Records shown:
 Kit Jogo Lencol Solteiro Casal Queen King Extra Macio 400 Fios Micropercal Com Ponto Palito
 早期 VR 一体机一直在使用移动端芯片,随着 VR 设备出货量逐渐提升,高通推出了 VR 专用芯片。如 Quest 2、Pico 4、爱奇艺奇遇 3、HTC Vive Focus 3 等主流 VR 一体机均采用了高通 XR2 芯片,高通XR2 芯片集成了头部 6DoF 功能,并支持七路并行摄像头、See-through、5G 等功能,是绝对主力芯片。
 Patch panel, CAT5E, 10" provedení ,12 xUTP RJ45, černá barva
--
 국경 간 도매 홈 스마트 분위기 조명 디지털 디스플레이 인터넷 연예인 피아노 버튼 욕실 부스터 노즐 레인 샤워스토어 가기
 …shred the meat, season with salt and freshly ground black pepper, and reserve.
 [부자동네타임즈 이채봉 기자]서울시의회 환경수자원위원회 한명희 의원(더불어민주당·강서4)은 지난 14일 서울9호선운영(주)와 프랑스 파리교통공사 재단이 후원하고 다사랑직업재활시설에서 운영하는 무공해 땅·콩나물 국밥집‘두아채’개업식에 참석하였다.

Try it: Above this instruction are the records; retype exactly the lines from the one containing "Kit Jogo Lencol" up to and including the one containing "RJ45, černá barva".

Task response:
 Kit Jogo Lencol Solteiro Casal Queen King Extra Macio 400 Fios Micropercal Com Ponto Palito
 早期 VR 一体机一直在使用移动端芯片,随着 VR 设备出货量逐渐提升,高通推出了 VR 专用芯片。如 Quest 2、Pico 4、爱奇艺奇遇 3、HTC Vive Focus 3 等主流 VR 一体机均采用了高通 XR2 芯片,高通XR2 芯片集成了头部 6DoF 功能,并支持七路并行摄像头、See-through、5G 等功能,是绝对主力芯片。
 Patch panel, CAT5E, 10" provedení ,12 xUTP RJ45, černá barva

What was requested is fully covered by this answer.